Stored data entries:
++++++

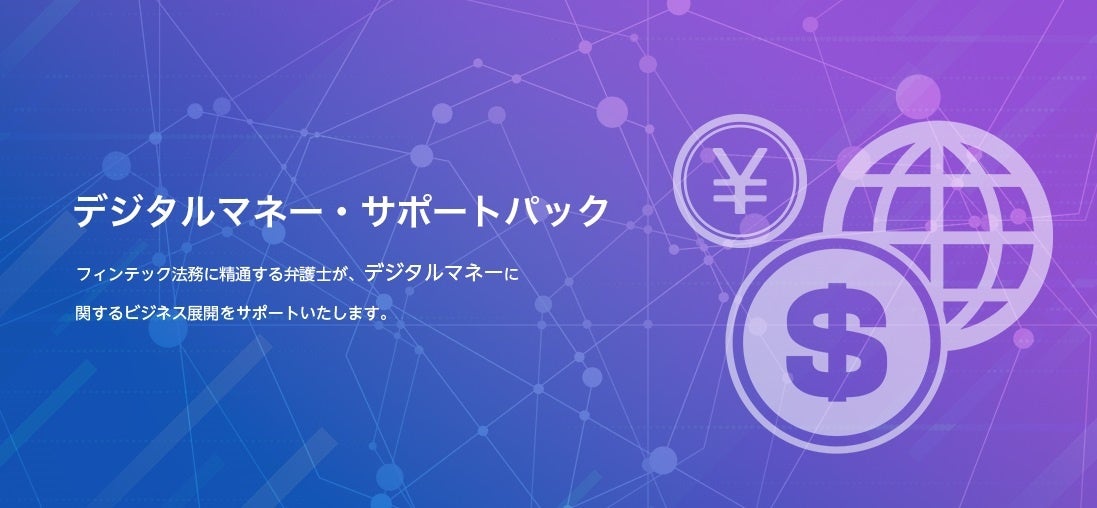 「デジタルマネー・サポートパック」を通じて、デジタルマネーに関する法務については、全般的にサポートさせていただきます。
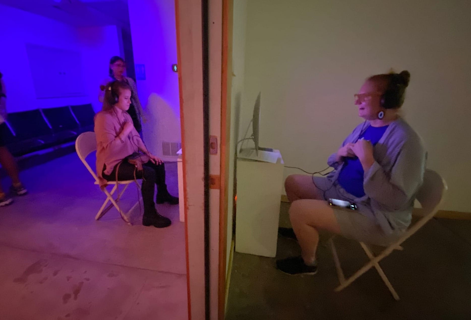 Each person, seated at a station and unable to see the other, puts on headphones, places the stethoscope on their chest, and engages in a self-guided breathing practice. On their screen, they see a visual representation of their heartbeat on the left and the other participant’s heartbeat on the right. Both heartbeats are audible through the headphones, forming a live exchange of physiological data. This communication is rendered both as sound and image, fostering an intimate connection between the two participants.
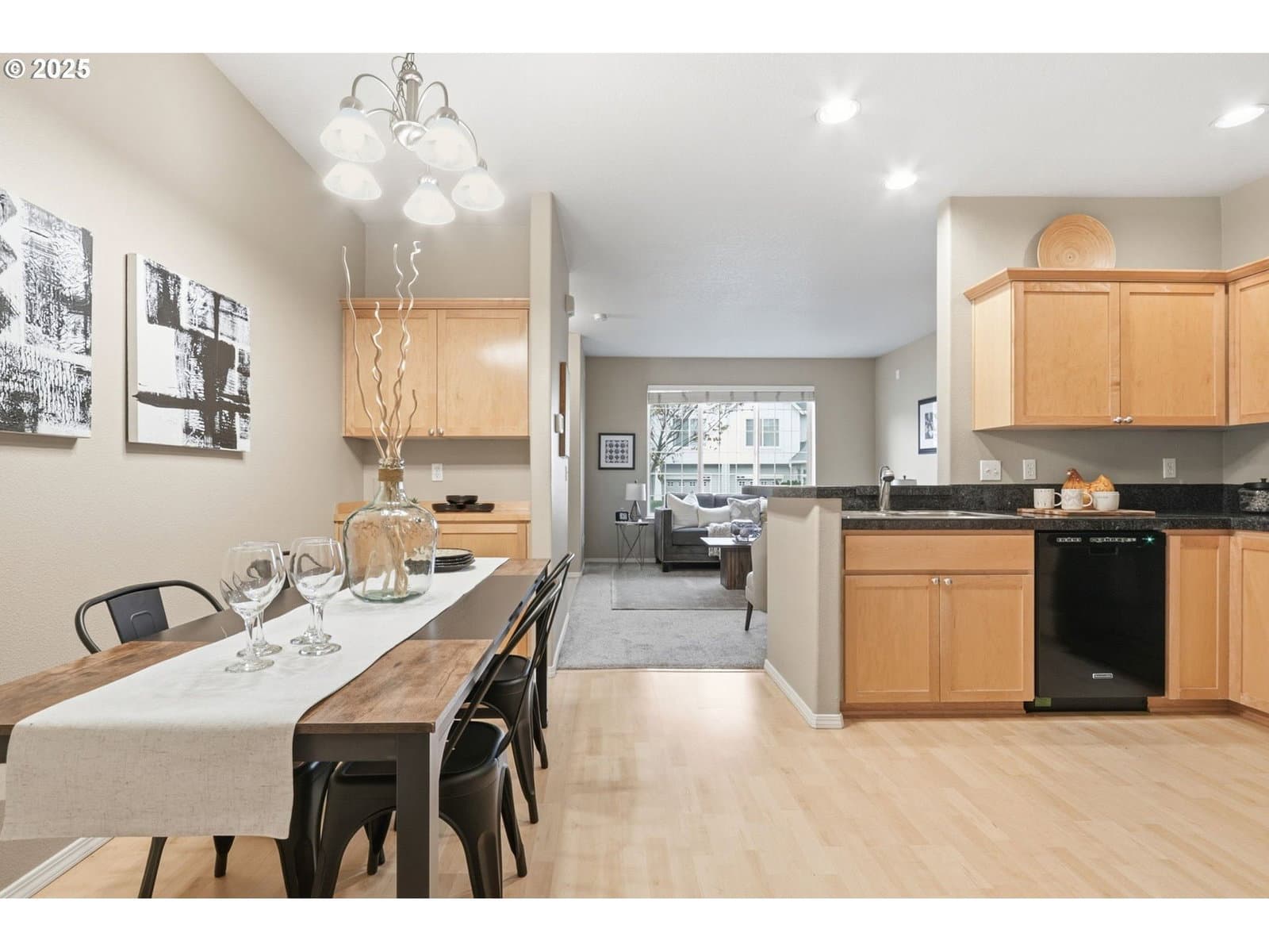 This exceptional bright and inviting townhome is situated on the tree-lined streets of Arbor Station, offering a serene setting. Featuring a spacious front patio enclosed by a wrought iron fence, a functional and efficient floorplan, with an open-concept that flows seamlessly between the living and dining area making it perfect for both everyday living, and entertaining. The main level features a living room with a cozy fireplace, while the kitchen is equipped with granite counters, gas cooking and a generous pantry. Right off the kitchen is a dining area with a built in cabinet, and a half bath. Upstairs is a large vaulted loft perfect for a family room, office or play room. The adjacent bedroom with vaulted ceilings has a walk in closet followed by a full bathroom and laundry room. The primary suite on the opposite side of the home for privacy has vaulted ceilings, french doors that lead to the en-suite bath with soaking tub, dual sinks, walk-in shower and closet. The home includes a 2 car finished garage with keyless entry and central air conditioning. The property is part of an exclusive community with a comprehensive HOA that is one of the lowest costs in the area and includes internet, exterior maintenance, insurance and access to the clubhouse party room, gym with all new workout equipment ,kitchen, pool, hot tub and community parks within. Located blocks from 2 community parks, near Max, Nike, Intel, major highways, bus routes, schools, dining, shopping and the scenic walking trails of the Tualatin Hills Nature Park.View the video walk through at: https://tinyurl.com/h2wzm3eb
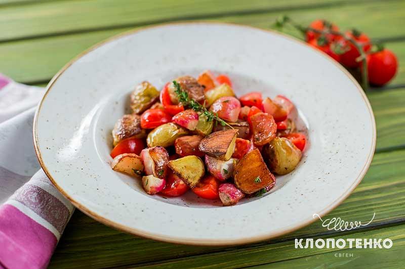 - Викласти овочі на деко, посолити, додати трохи олії, покласти гілочку чебрецю й запікати до готовності картоплі при 180 градусах.
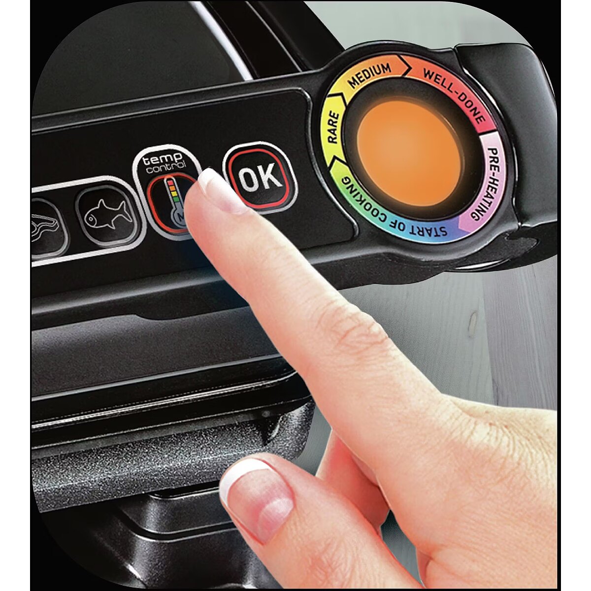 LongDescription ET - Tehnoloogia „Automatic Sensor Cooking“ abil tuvastab OptiGrill+ kohe küpsetusplaadil olevate ühikute hulga, määrab nende paksuse ja reguleerib selle alusel temperatuuri ja küpsetamise aega. Indikaatortuli ja helisignaal võimaldavad jälgida suurt täpsust nõudvate toitude valmistamist ja valmistada liha sellisel küpsusastmel nagu soovid: pooltoores, keskmise küpsusastmega või läbiküpsenud. 6 küpsetusprogrammi maitsva toidu valmistamiseks: burgerid, kana, võileivad, vorstid, punane liha ja kala ning lisaks sellele külmunud toidu režiim ja nelja temperatuuriastmega käsitsirežiim.
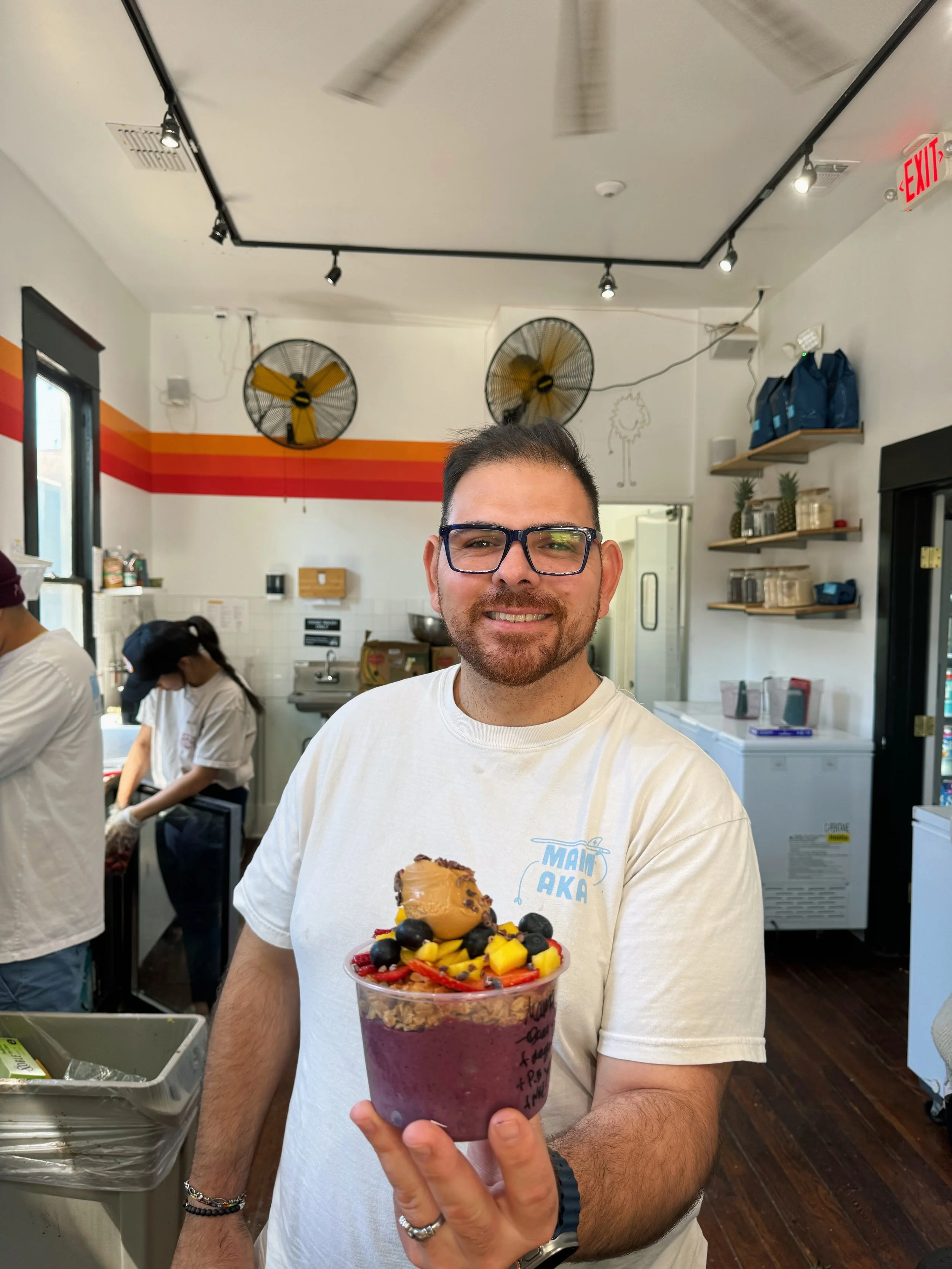 Go-to order: Regular Mamaka bowl with OJ, add nibs, almond butter, and shreds on top!
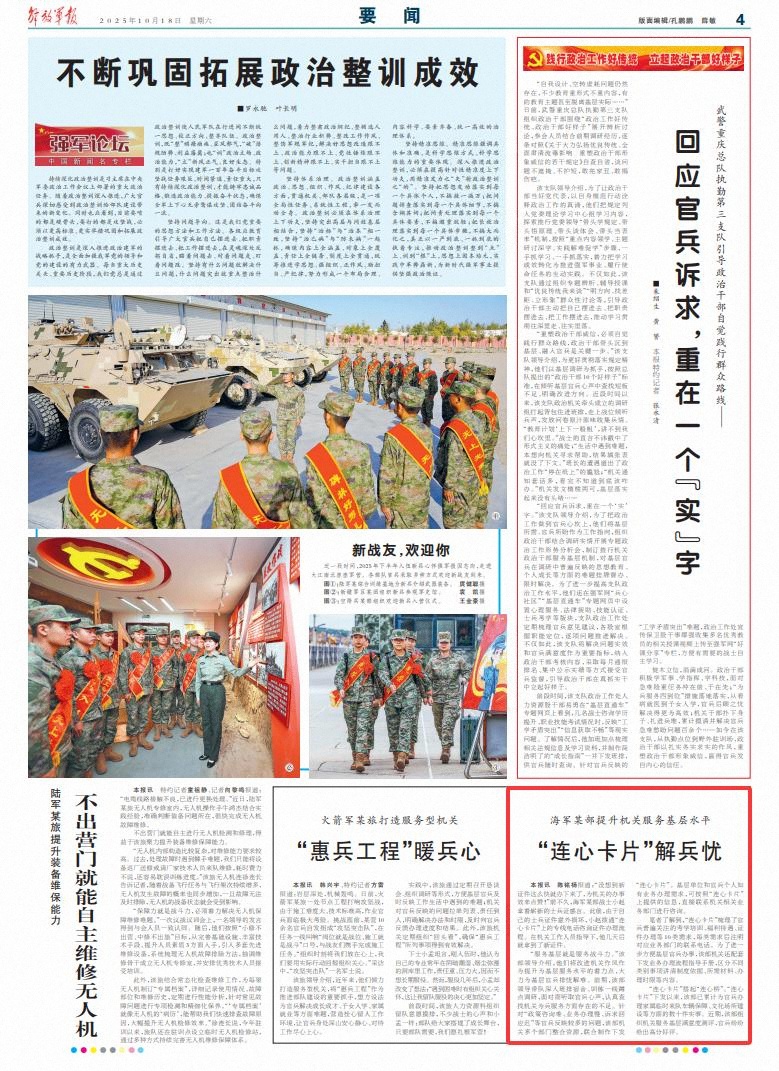 “服务基层就是服务战斗力。”该部领导介绍,他们将改进机关作风作为提升为基层服务水平的着力点,大力为基层官兵排忧解难。前期,该部领导带队深入班排宿舍、训练一线蹲点调研,面对面听取官兵心声,认真查找机关为兵服务方面存在的不足。针对“政策咨询难、业务办理慢、诉求回应迟”等官兵反映较多的问题,该部机关多个部门整合资源,联合制作下发“连心卡片”。基层单位和官兵个人如有业务办理需求,可按照“连心卡片”上提供的信息,直接联系机关相关业务部门进行咨询。

++++++

» PROBLEM STATEMENT: Copy the entries above verbatim. Pictures do not belong in the copy.

» PROBLEM SOLUTION:
 「デジタルマネー・サポートパック」を通じて、デジタルマネーに関する法務については、全般的にサポートさせていただきます。
 Each person, seated at a station and unable to see the other, puts on headphones, places the stethoscope on their chest, and engages in a self-guided breathing practice. On their screen, they see a visual representation of their heartbeat on the left and the other participant’s heartbeat on the right. Both heartbeats are audible through the headphones, forming a live exchange of physiological data. This communication is rendered both as sound and image, fostering an intimate connection between the two participants.
 This exceptional bright and inviting townhome is situated on the tree-lined streets of Arbor Station, offering a serene setting. Featuring a spacious front patio enclosed by a wrought iron fence, a functional and efficient floorplan, with an open-concept that flows seamlessly between the living and dining area making it perfect for both everyday living, and entertaining. The main level features a living room with a cozy fireplace, while the kitchen is equipped with granite counters, gas cooking and a generous pantry. Right off the kitchen is a dining area with a built in cabinet, and a half bath. Upstairs is a large vaulted loft perfect for a family room, office or play room. The adjacent bedroom with vaulted ceilings has a walk in closet followed by a full bathroom and laundry room. The primary suite on the opposite side of the home for privacy has vaulted ceilings, french doors that lead to the en-suite bath with soaking tub, dual sinks, walk-in shower and closet. The home includes a 2 car finished garage with keyless entry and central air conditioning. The property is part of an exclusive community with a comprehensive HOA that is one of the lowest costs in the area and includes internet, exterior maintenance, insurance and access to the clubhouse party room, gym with all new workout equipment ,kitchen, pool, hot tub and community parks within. Located blocks from 2 community parks, near Max, Nike, Intel, major highways, bus routes, schools, dining, shopping and the scenic walking trails of the Tualatin Hills Nature Park.View the video walk through at: https://tinyurl.com/h2wzm3eb
 - Викласти овочі на деко, посолити, додати трохи олії, покласти гілочку чебрецю й запікати до готовності картоплі при 180 градусах.
 LongDescription ET - Tehnoloogia „Automatic Sensor Cooking“ abil tuvastab OptiGrill+ kohe küpsetusplaadil olevate ühikute hulga, määrab nende paksuse ja reguleerib selle alusel temperatuuri ja küpsetamise aega. Indikaatortuli ja helisignaal võimaldavad jälgida suurt täpsust nõudvate toitude valmistamist ja valmistada liha sellisel küpsusastmel nagu soovid: pooltoores, keskmise küpsusastmega või läbiküpsenud. 6 küpsetusprogrammi maitsva toidu valmistamiseks: burgerid, kana, võileivad, vorstid, punane liha ja kala ning lisaks sellele külmunud toidu režiim ja nelja temperatuuriastmega käsitsirežiim.
 Go-to order: Regular Mamaka bowl with OJ, add nibs, almond butter, and shreds on top!
 “服务基层就是服务战斗力。”该部领导介绍,他们将改进机关作风作为提升为基层服务水平的着力点,大力为基层官兵排忧解难。前期,该部领导带队深入班排宿舍、训练一线蹲点调研,面对面听取官兵心声,认真查找机关为兵服务方面存在的不足。针对“政策咨询难、业务办理慢、诉求回应迟”等官兵反映较多的问题,该部机关多个部门整合资源,联合制作下发“连心卡片”。基层单位和官兵个人如有业务办理需求,可按照“连心卡片”上提供的信息,直接联系机关相关业务部门进行咨询。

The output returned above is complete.